### TASK DESCRIPTION
Below are the records. Retype, exactly, the lines from the first through the line with "Com total apoio", and leave out the pictures.

Dataset entries
..........

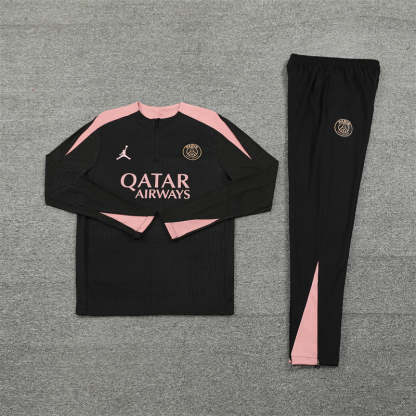 The Paris Saint-Germain Black and Pink Tracksuit delivers a bold, fashion-forward look with a striking modern contrast. Crafted from lightweight, breathable fabric, it ensures all-day comfort for both training and casual wear. The sleek black base is energized with vibrant pink accents for a fresh, standout style. With a tailored fit and durable finish, this tracksuit is built for performance and street-ready appeal.
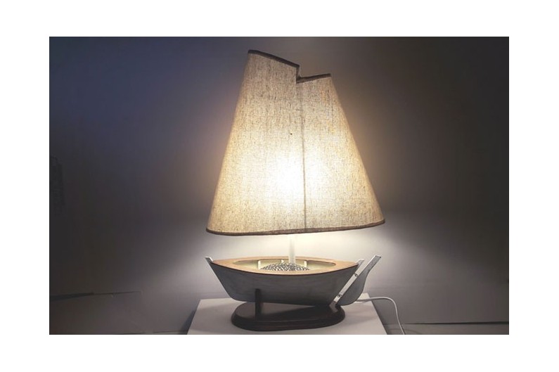 Bootlampe. Eigenartige nautische Lampe, aus einem Bootsrumpf hergestellt, aus dem eine Kerze ragt. Von Hand hergestellt und bemalt. Wird mit dem Bildschirm geliefert.
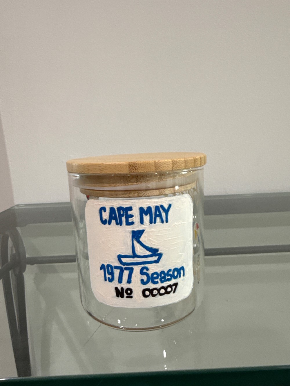 Keep track of your beach tags for the season with this hand-painted glass jar. Features the original Cape May beach tag design from 1977.
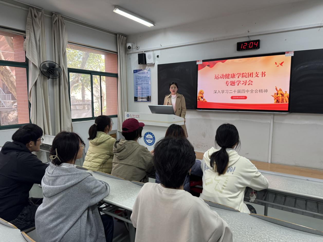 近日,为深入学习贯彻党的二十届四中全会精神,引导广大青年学生将个人成长融入国家发展大局,运动健康学院本科生党支部、分团委积极响应学校党委号召,组织开展了一系列形式多样、内容丰富的专题学习活动。
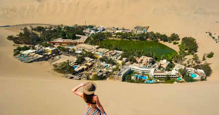Huacachina este un mic sat, situat în mijlocul deşertului Atacama din sudul Peruului, la o distanţă de circa 5 km de oraşul Ica. Ceea ce face acest sat atât de fascinant este laguna naturală, înconjurată de palmieri, care se află în mijlocul satului. Această oază, înconjurată de dune nesfârșite, pare desprinsă dintr-o carte de povești și atrage turiști din toată lumea, dornici să-i descopere secretele.
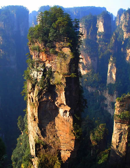 | 袁家界位于張家界國家森林公園北面,是一方山臺地。背依巖峰山巒,面臨幽谷群峰,自東向西延伸。主要景點有后花園、迷魂臺、天下第一橋等。
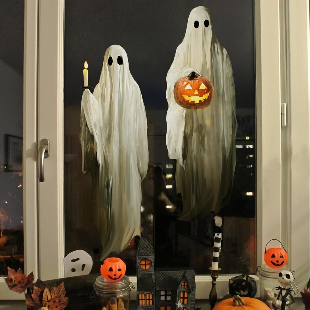 - NEW SEASON DESIGN! This set includes three ghost window decals, each with wacky expressions that bring a sense of fun to your Halloween celebrations. These silhouette stickers are suitable for glass windows, mirrors, metal surfaces, ceramic tiles, and more.
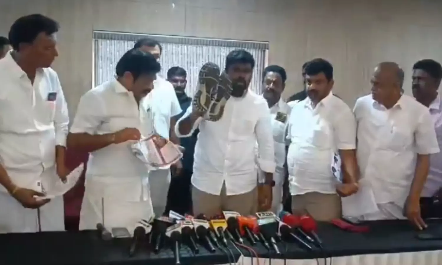 तमिलनाडु भाजपा अध्यक्ष के अन्नामलाई ने अपना जूता उतारकर कहा, "कल से लेकर जब तक डीएमके सत्ता से बाहर नहीं हो जाती, मैं कोई जूता नहीं पहनूंगा।" के अन्नामलाई अन्ना विश्वविद्यालय की छात्रा के यौन उत्पीड़न मामले को लेकर सरकार द्वारा किए गए व्यवहार के खिलाफ प्रदर्शन करेंगे।
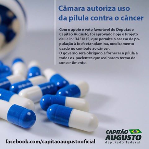 Com total apoio e voto favorável do deputado federal Capitão Augusto, foi aprovado hoje, 08/03, no Plenário da Câmara dos Deputados, o Projeto de Lei nº 3454/15, que permite o acesso da população à fosfoetanolamina, medicamento usado no combate ao câncer.
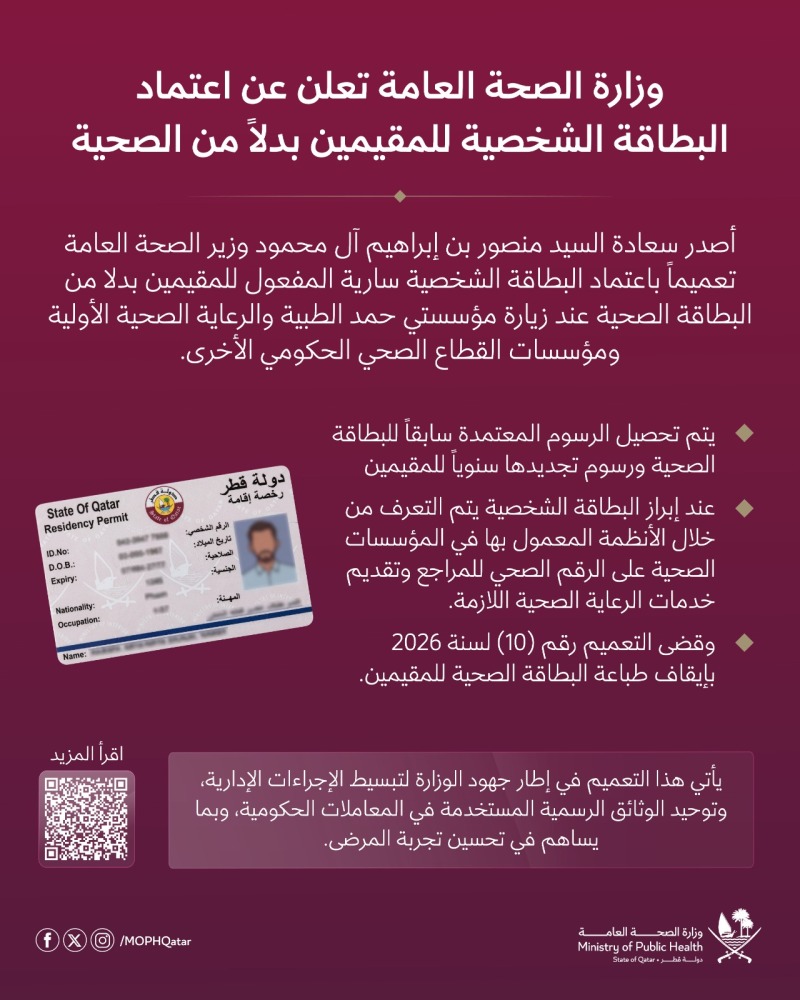 بموجب التعميم رقم 10 لسنة 2026 الصادر عن سعادة السيد منصور بن إبراهيم آل محمود، وزير الصحة العامة، أصبح لزاماً على كافة المؤسسات الصحية الحكومية، وعلى رأسها مؤسسة حمد الطبية ومؤسسة الرعاية الصحية الأولية، قبول البطاقة الشخصية القطرية (سارية المفعول) كوثيقة وحيدة ورئيسية لإثبات الهوية الصحية للمقيمين. يهدف هذا القرار بشكل أساسي إلى ظاهلر بحسب ما تم تداوله على وسائل الإعلام :
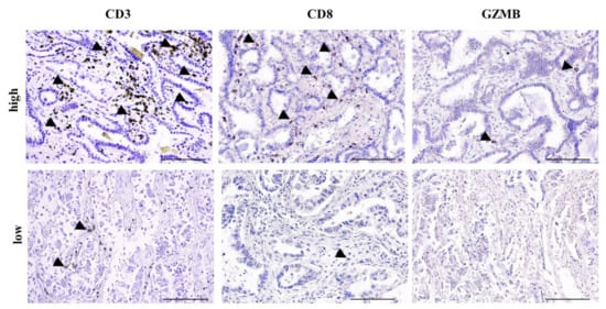 High-tumor-infiltrating lymphocyte (TIL) and low-TIL infiltrate. Representative photos with high and low CD3, CD8 and granzyme B (GZMB) infiltrate in two non-small cell lung cancer (NSCLC) patients. Arrowheads depict positive immunostaining. Scale bar: 100 μm.
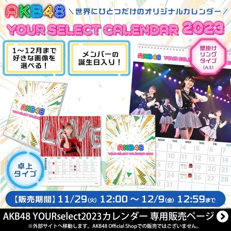 AKB48 YOURselect2023カレンダー A3壁掛けタイプ 4,900円(税込)
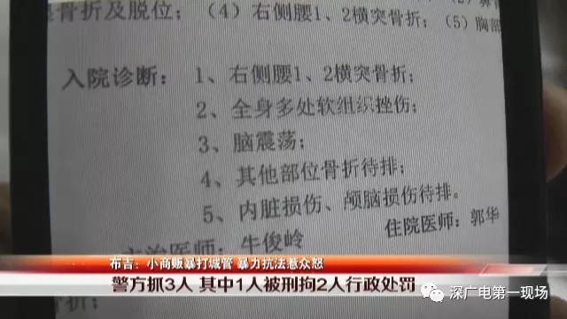 記者從中海醫(yī)院了解到,被打城管隊員徐濤右側(cè)腰兩橫突骨折。龍崗警方發(fā)通報,鑒定徐濤為輕傷,以涉嫌故意傷害罪,對光頭男子趙某青采取刑事強制措施,同時對其妻李某玉和女老鄉(xiāng)王某,以毆打他人處以行政處罰。
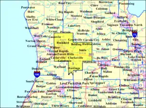 Michigan's 3rd congressional district is a U.S. congressional district in West Michigan. From 2003 to 2013, it consisted of the counties of Barry and Ionia, as well as all except the northwestern portion of Kent, including the city of Grand Rapids. In 2012 redistricting, the district was extended to Battle Creek. In 2022, the district was condensed to the greater Grand Rapids and Muskegon areas, including portions of Kent, Muskegon, and Ottawa counties. Redistricting removed Barry, Calhoun, and Ionia counties.[5]
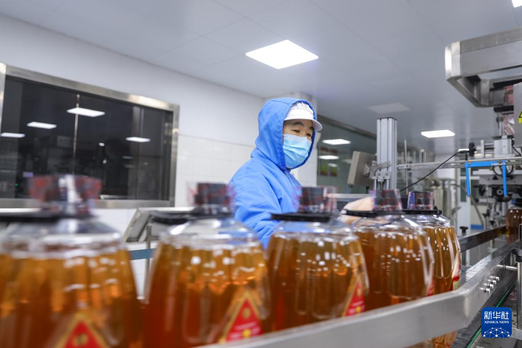 12月16日,在山东省青岛市李沧区兴城路街道一家食用油企业,工人在花生油生产线上忙碌。
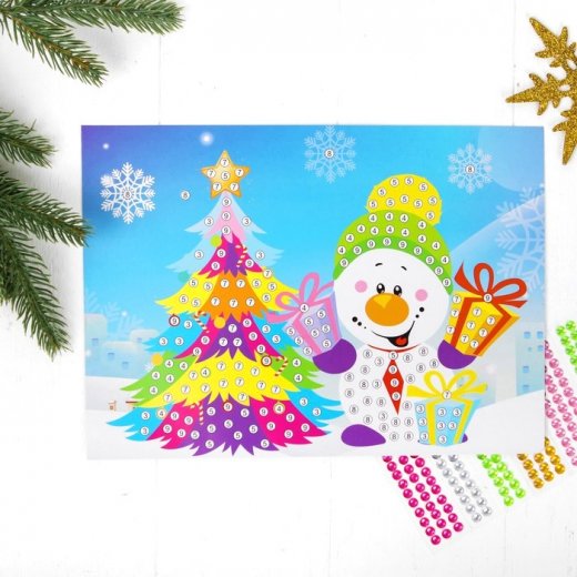 Купить Аппликацию круглыми стразами «Снеговик с ёлкой» в Новосибирске Вы можете в магазине развивающих и настольных игр "Игры Почемучек"

..........

### RESPONSE AREA
 The Paris Saint-Germain Black and Pink Tracksuit delivers a bold, fashion-forward look with a striking modern contrast. Crafted from lightweight, breathable fabric, it ensures all-day comfort for both training and casual wear. The sleek black base is energized with vibrant pink accents for a fresh, standout style. With a tailored fit and durable finish, this tracksuit is built for performance and street-ready appeal.
 Bootlampe. Eigenartige nautische Lampe, aus einem Bootsrumpf hergestellt, aus dem eine Kerze ragt. Von Hand hergestellt und bemalt. Wird mit dem Bildschirm geliefert.
 Keep track of your beach tags for the season with this hand-painted glass jar. Features the original Cape May beach tag design from 1977.
 近日,为深入学习贯彻党的二十届四中全会精神,引导广大青年学生将个人成长融入国家发展大局,运动健康学院本科生党支部、分团委积极响应学校党委号召,组织开展了一系列形式多样、内容丰富的专题学习活动。
Huacachina este un mic sat, situat în mijlocul deşertului Atacama din sudul Peruului, la o distanţă de circa 5 km de oraşul Ica. Ceea ce face acest sat atât de fascinant este laguna naturală, înconjurată de palmieri, care se află în mijlocul satului. Această oază, înconjurată de dune nesfârșite, pare desprinsă dintr-o carte de povești și atrage turiști din toată lumea, dornici să-i descopere secretele.
 | 袁家界位于張家界國家森林公園北面,是一方山臺地。背依巖峰山巒,面臨幽谷群峰,自東向西延伸。主要景點有后花園、迷魂臺、天下第一橋等。
 - NEW SEASON DESIGN! This set includes three ghost window decals, each with wacky expressions that bring a sense of fun to your Halloween celebrations. These silhouette stickers are suitable for glass windows, mirrors, metal surfaces, ceramic tiles, and more.
 तमिलनाडु भाजपा अध्यक्ष के अन्नामलाई ने अपना जूता उतारकर कहा, "कल से लेकर जब तक डीएमके सत्ता से बाहर नहीं हो जाती, मैं कोई जूता नहीं पहनूंगा।" के अन्नामलाई अन्ना विश्वविद्यालय की छात्रा के यौन उत्पीड़न मामले को लेकर सरकार द्वारा किए गए व्यवहार के खिलाफ प्रदर्शन करेंगे।
 Com total apoio e voto favorável do deputado federal Capitão Augusto, foi aprovado hoje, 08/03, no Plenário da Câmara dos Deputados, o Projeto de Lei nº 3454/15, que permite o acesso da população à fosfoetanolamina, medicamento usado no combate ao câncer.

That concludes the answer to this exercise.